- _Task to complete_
Below are some records; copy them word for word and drop the pictures.

*** Opening of Information provided ***

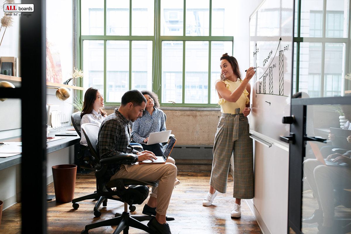 Biała magnetyczna tablica ALLboards wykonana jest ze sztywnej i wytrzymałej blachy, dzięki której tablica zyskuje właściwości magnetyczne. Blacha pokryta jest warstwą lakieru, który nadaje tablicy biały kolor oraz gładką i lśniącą powierzchnię. Dzięki zastosowaniu odpowiedniego lakieru, tablice można ścierać na sucho za pomocą dołączonej do zestawu gąbki lub papierowego ręcznika. Do tablicy możemy przypinać każdego rodzaju magnesy: neodymowe, turystyczne, klasyczne, ozdobne. Znakomicie nadaje się również do wykorzystania z ramkami magnetycznymi oraz innymi magnetycznymi akcesoriami.
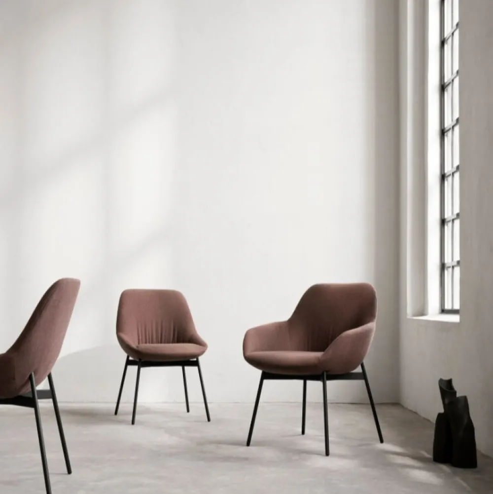 Designet af Hoffmann Kahleyss Design, Sinum Chair er defineret af en luftig æstetik og en generøst polstret skal, holdt i et blidt greb af et stel i sort pulverlakeret stål. Afledt af det latinske ord for ‘lomme’, fylder Sinum-stolen passende meget lidt i et rum. Sædet er kendetegnet ved en buet lomme af polstring, der sikrer kompromisløs komfort, omsluttet af enten lave eller høje armlæn.
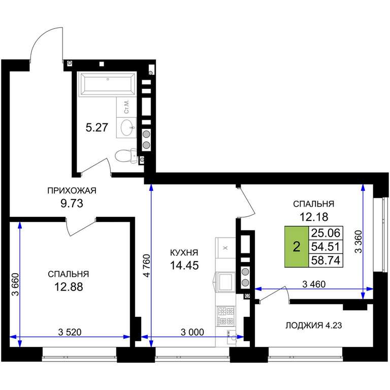 Жилая площадь 25.06 м2, кухня 14.45 м2, предчистовая отделка.
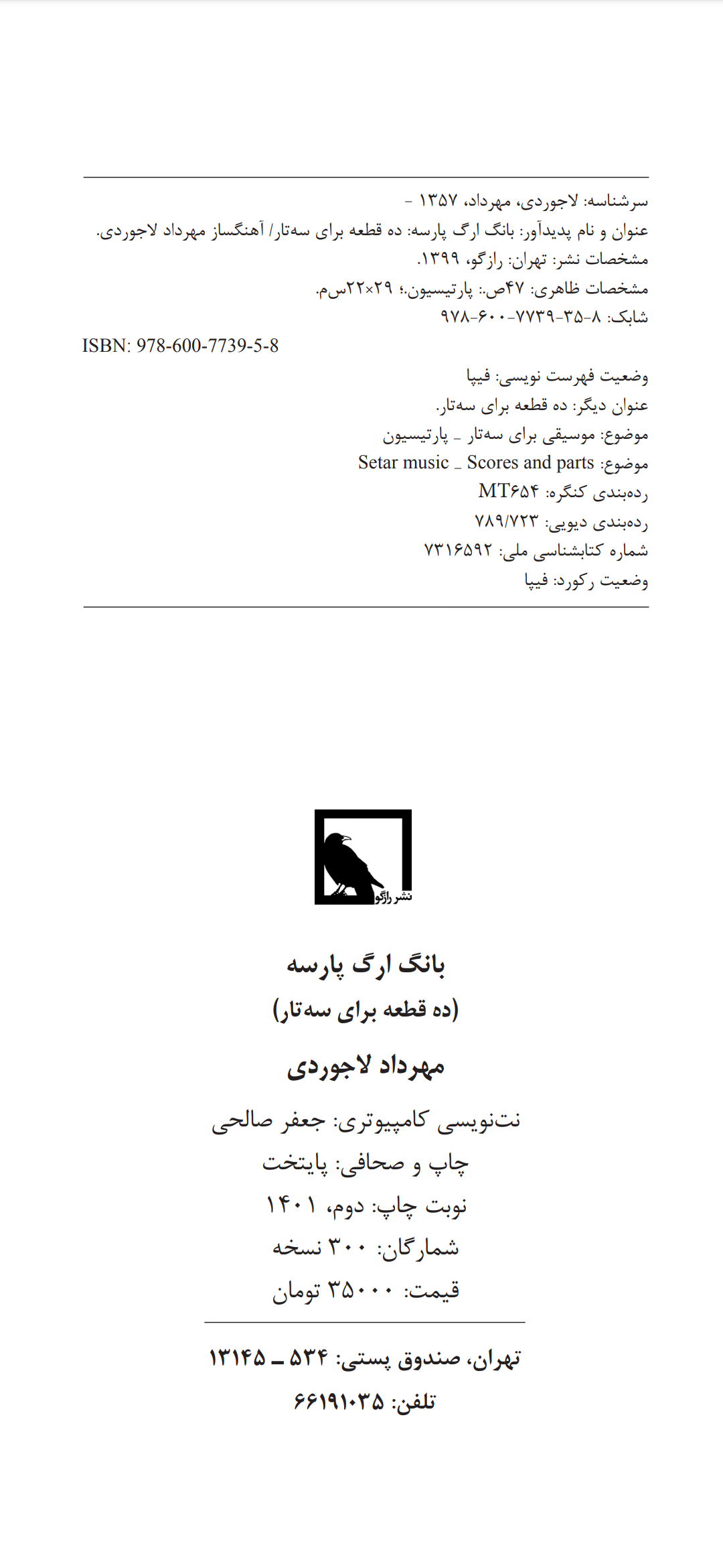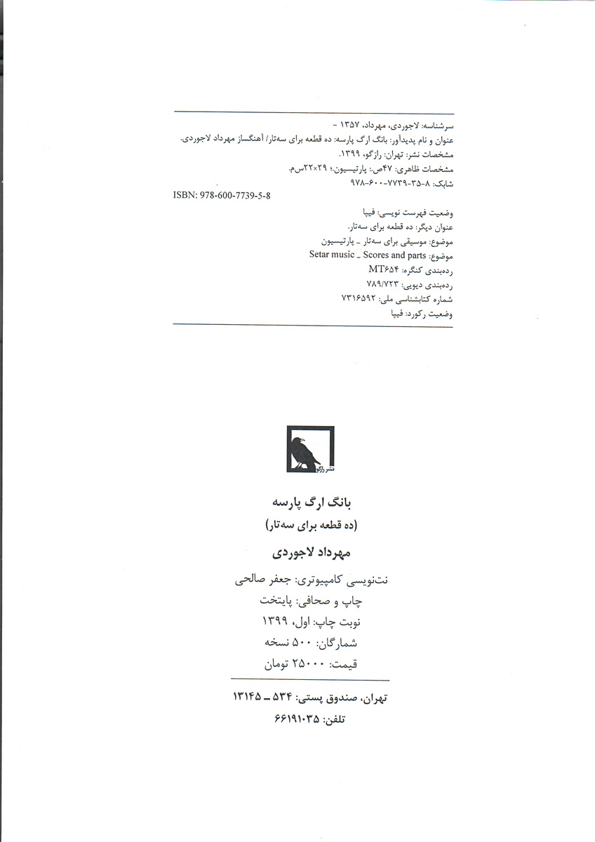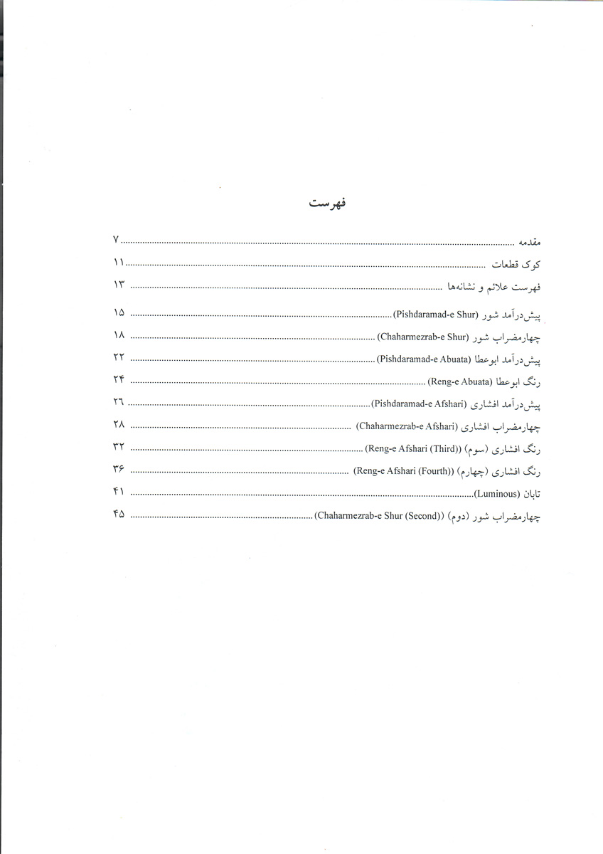 این مجموعه شامل ده قطعه از قطعاتی هستند که از حدود پانزده سال پیش تا به امروز توسط نگارنده ساخته شده اند. طبق رویّه شخصی برای قطعات با فرم های سنّتی پیش در آمد، چهارمضراب و رنگ نامگذاری خاصّی انجام نمی گیرد و این قطعات با شماره از هم متمایز می شوند. شماره های پیشین این گونه قطعات در این مجموعه در گذشته در مجموعه « پارسانْ دستان » چاپ و منتشر شده اند.
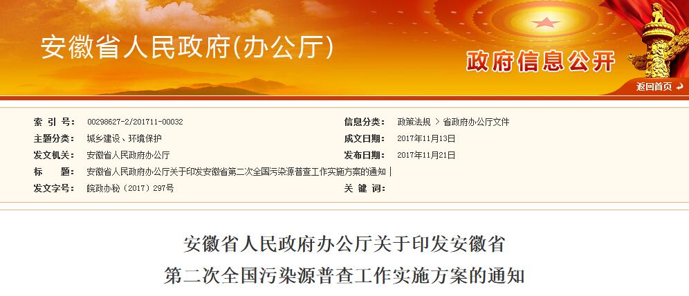 安徽省政府辦公廳日前下發(fā)《關于印發(fā)安徽省第二次全國污染源普查工作實施方案的通知》,為指導做好安徽省第二次全國污染源普查工作,制定了《安徽省第二次全國污染源普查工作實施方案》。
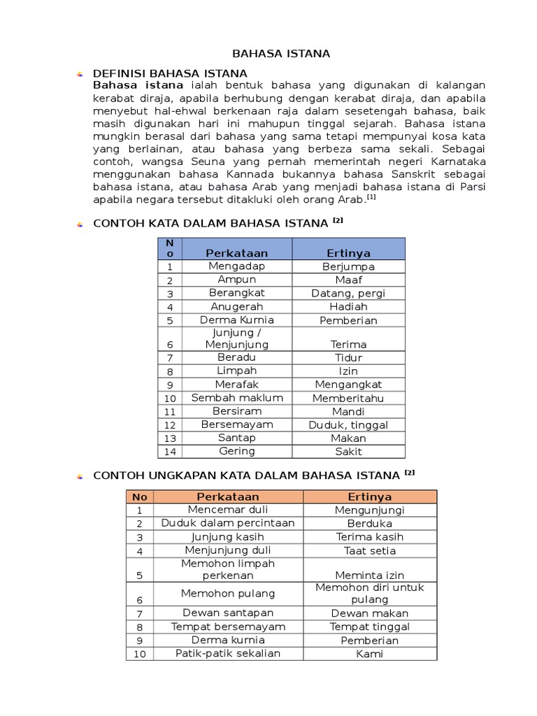 Bahasa istana mungkin berasal dari bahasa yang sama tetapi mempunyai kosa kata yang berlainan atau penggunaan bahasa yang berbeza sama sekali. Duduk dalam percintaan berduka 3. Dalam majlis itu baginda bertitah bahawa.
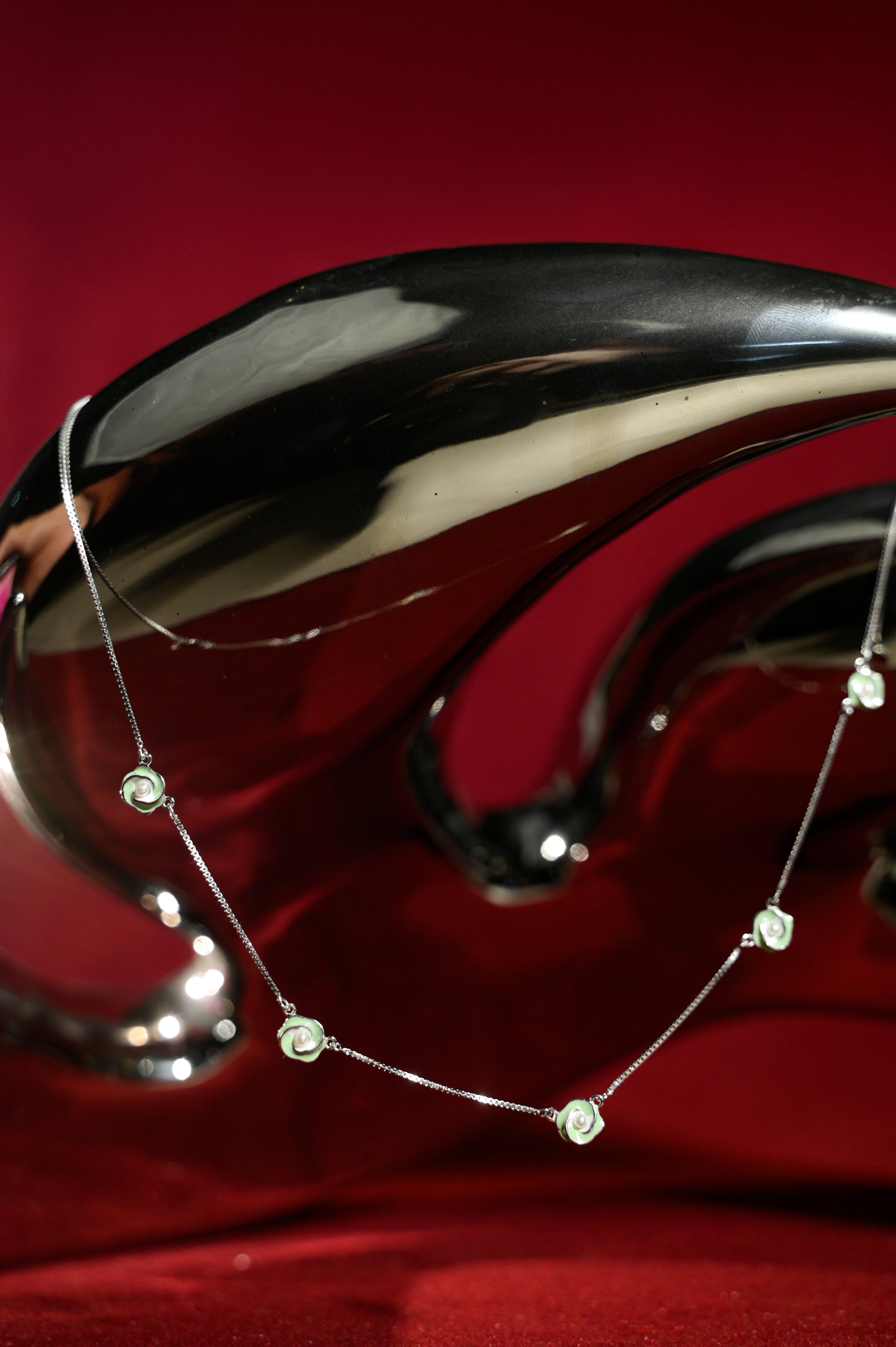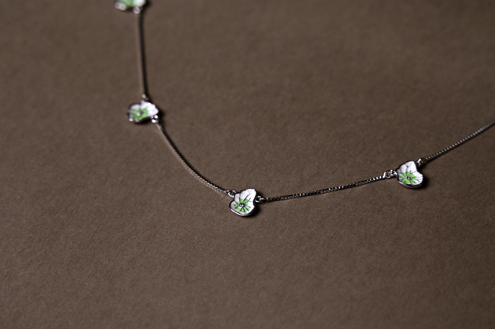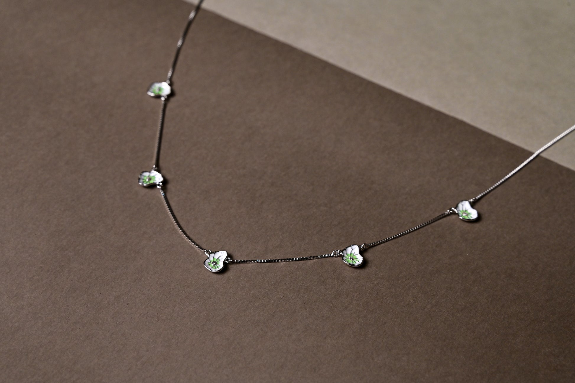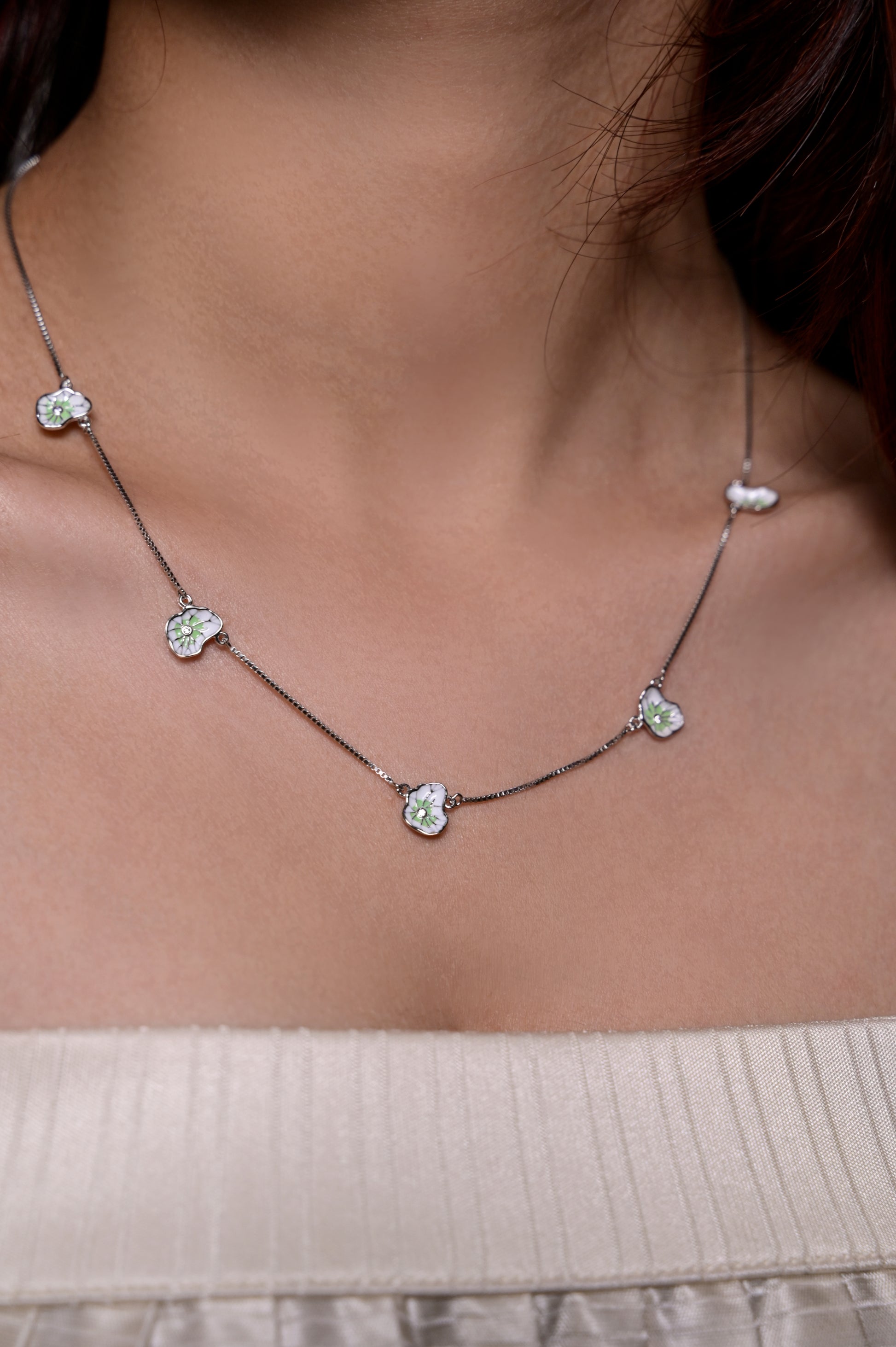 Delicate, graceful, and beautifully feminine — the Blooming Petals Enamel Necklace is a soft statement piece designed to elevate everyday elegance. Featuring a series of dainty floral motifs, each petal is hand-enamelled in soothing white with a touch of fresh green at the centre, giving the piece a natural, serene charm.

*** Close of Information provided ***

- _Exercise answer_
 Biała magnetyczna tablica ALLboards wykonana jest ze sztywnej i wytrzymałej blachy, dzięki której tablica zyskuje właściwości magnetyczne. Blacha pokryta jest warstwą lakieru, który nadaje tablicy biały kolor oraz gładką i lśniącą powierzchnię. Dzięki zastosowaniu odpowiedniego lakieru, tablice można ścierać na sucho za pomocą dołączonej do zestawu gąbki lub papierowego ręcznika. Do tablicy możemy przypinać każdego rodzaju magnesy: neodymowe, turystyczne, klasyczne, ozdobne. Znakomicie nadaje się również do wykorzystania z ramkami magnetycznymi oraz innymi magnetycznymi akcesoriami.
 Designet af Hoffmann Kahleyss Design, Sinum Chair er defineret af en luftig æstetik og en generøst polstret skal, holdt i et blidt greb af et stel i sort pulverlakeret stål. Afledt af det latinske ord for ‘lomme’, fylder Sinum-stolen passende meget lidt i et rum. Sædet er kendetegnet ved en buet lomme af polstring, der sikrer kompromisløs komfort, omsluttet af enten lave eller høje armlæn.
 Жилая площадь 25.06 м2, кухня 14.45 м2, предчистовая отделка.
 این مجموعه شامل ده قطعه از قطعاتی هستند که از حدود پانزده سال پیش تا به امروز توسط نگارنده ساخته شده اند. طبق رویّه شخصی برای قطعات با فرم های سنّتی پیش در آمد، چهارمضراب و رنگ نامگذاری خاصّی انجام نمی گیرد و این قطعات با شماره از هم متمایز می شوند. شماره های پیشین این گونه قطعات در این مجموعه در گذشته در مجموعه « پارسانْ دستان » چاپ و منتشر شده اند.
 安徽省政府辦公廳日前下發(fā)《關于印發(fā)安徽省第二次全國污染源普查工作實施方案的通知》,為指導做好安徽省第二次全國污染源普查工作,制定了《安徽省第二次全國污染源普查工作實施方案》。
 Bahasa istana mungkin berasal dari bahasa yang sama tetapi mempunyai kosa kata yang berlainan atau penggunaan bahasa yang berbeza sama sekali. Duduk dalam percintaan berduka 3. Dalam majlis itu baginda bertitah bahawa.
 Delicate, graceful, and beautifully feminine — the Blooming Petals Enamel Necklace is a soft statement piece designed to elevate everyday elegance. Featuring a series of dainty floral motifs, each petal is hand-enamelled in soothing white with a touch of fresh green at the centre, giving the piece a natural, serene charm.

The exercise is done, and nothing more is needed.